Great Lakes maximum ice coverage climatology

This winter has been one of extremes, from periods of above normal warmth to periods of extreme cold. The extreme cold has led to the Great Lakes being covered by a large percentage of ice. According to the Great Lakes Environmental Research Laboratory, ice coverage peaked at 92 percent across the collective Great Lakes.

With ice coverage being so high this past winter, we wanted to know the maximum ice coverage percentages of previous winters for the Great Lakes and for Lake Erie in particular.

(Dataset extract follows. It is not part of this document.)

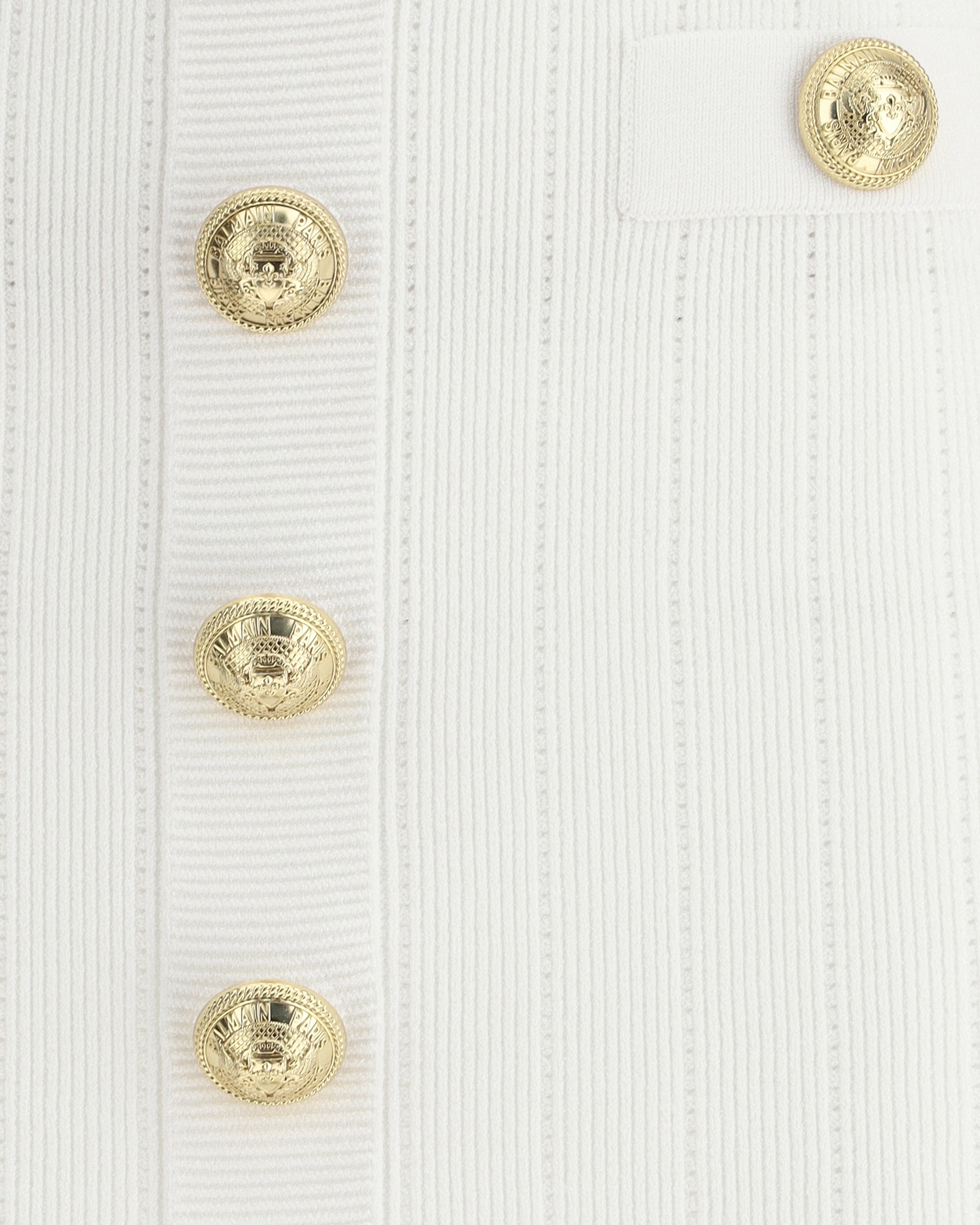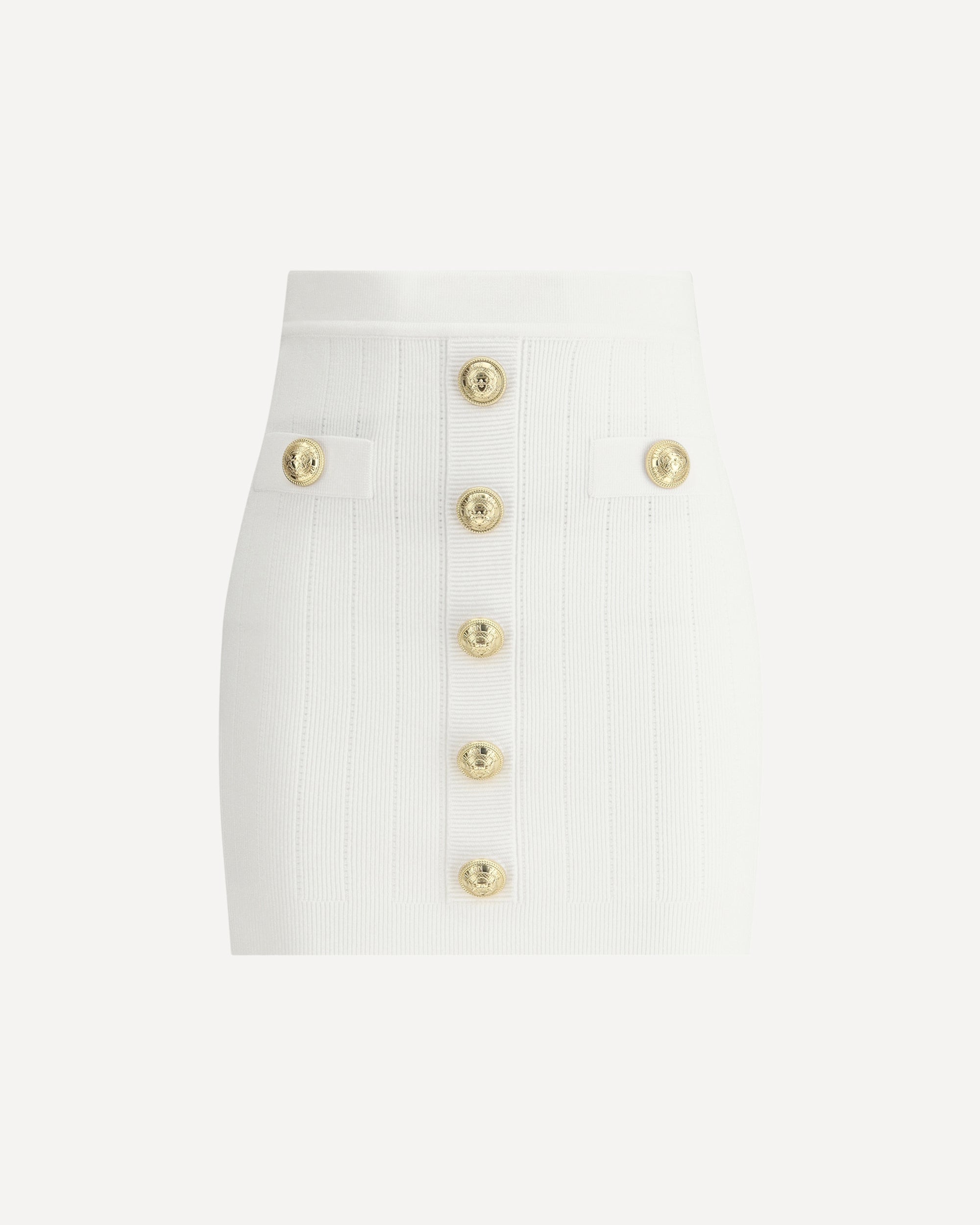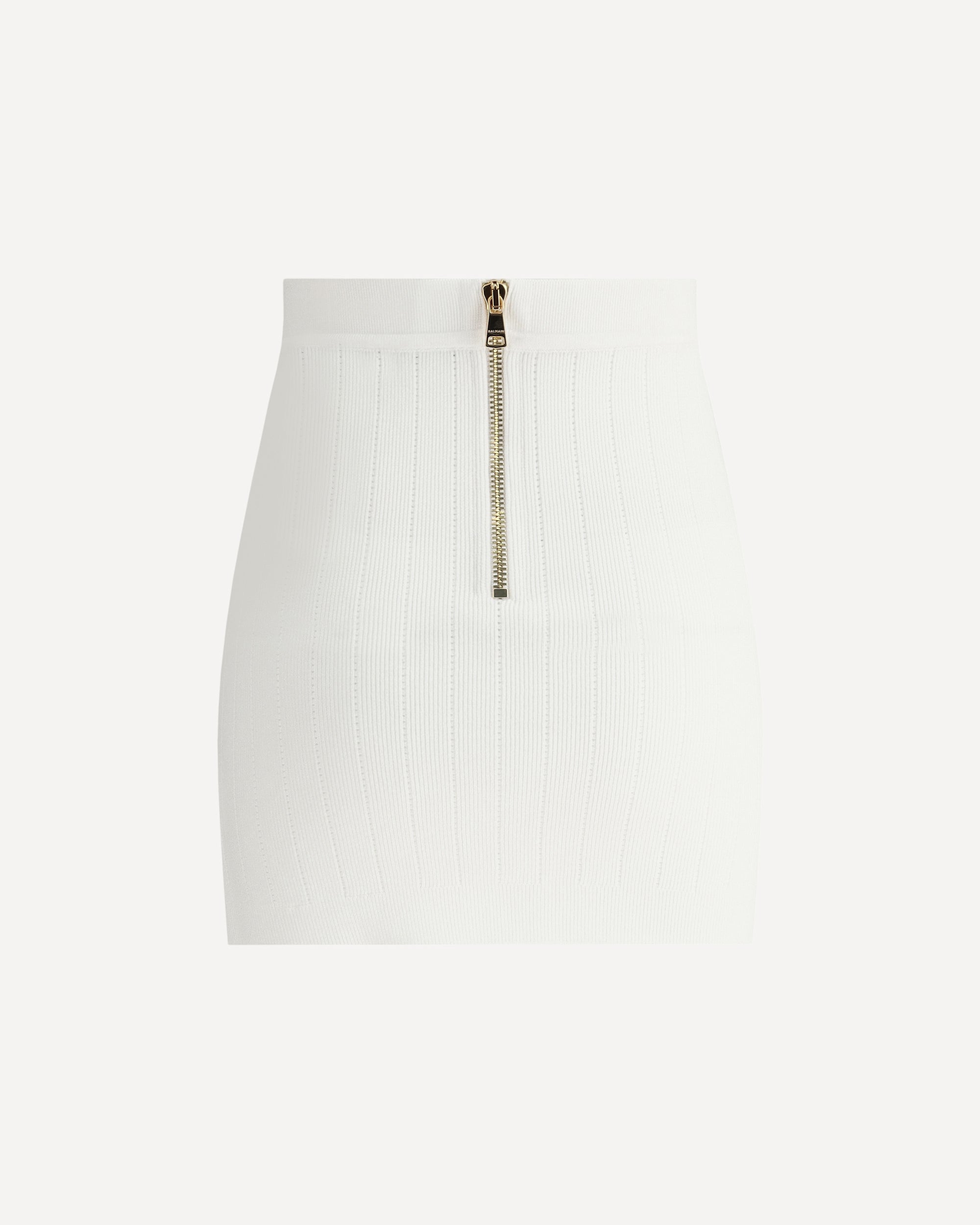 Mini Skirt by Balmain, ribbed design with all-over repeated perforated details, contrasting back zipper closure, two faux welt pockets on front, contrasting applied lion's head button detail on front, monochrome pattern, close fit.

According to data obtained from GLERL, from 1973 to 2011, the Great Lakes collectively had an average annual maximum ice coverage of 56 percent. During this period, the highest annual maximum ice percentage was recorded in 1979, where the ice coverage reached 94 percent. The lowest maximum was recorded in the winter of 2002 of only 9.5 percent.

For the same period of interest, Lake Erie had an average maximum ice coverage of 88 percent. The highest percentage, 100 percent, was recorded during the winters of 1978, 1979 and 1996. The lowest percentages were recorded during the winter of 1998, with an ice coverage percentage of 5.4 percent.

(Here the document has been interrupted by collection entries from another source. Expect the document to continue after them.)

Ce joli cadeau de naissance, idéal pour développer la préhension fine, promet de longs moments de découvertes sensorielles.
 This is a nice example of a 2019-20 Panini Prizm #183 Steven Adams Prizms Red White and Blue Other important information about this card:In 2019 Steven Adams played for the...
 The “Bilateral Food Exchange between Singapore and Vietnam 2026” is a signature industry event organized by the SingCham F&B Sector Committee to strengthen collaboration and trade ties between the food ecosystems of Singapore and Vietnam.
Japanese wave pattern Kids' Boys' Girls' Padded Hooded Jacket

From Lake Erie's data in particular, it is clear that most winters a large percentage of Lake Erie freezes. This is more than likely connected to Lake Erie being one of the shallowest Great Lakes. Its maximum depth is 210 feet. Lake Michigan, on the other hand, has a maximum depth of 925 feet, and only has an average maximum ice coverage of 40.8 percent. The shallower the lake, the more annual ice coverage.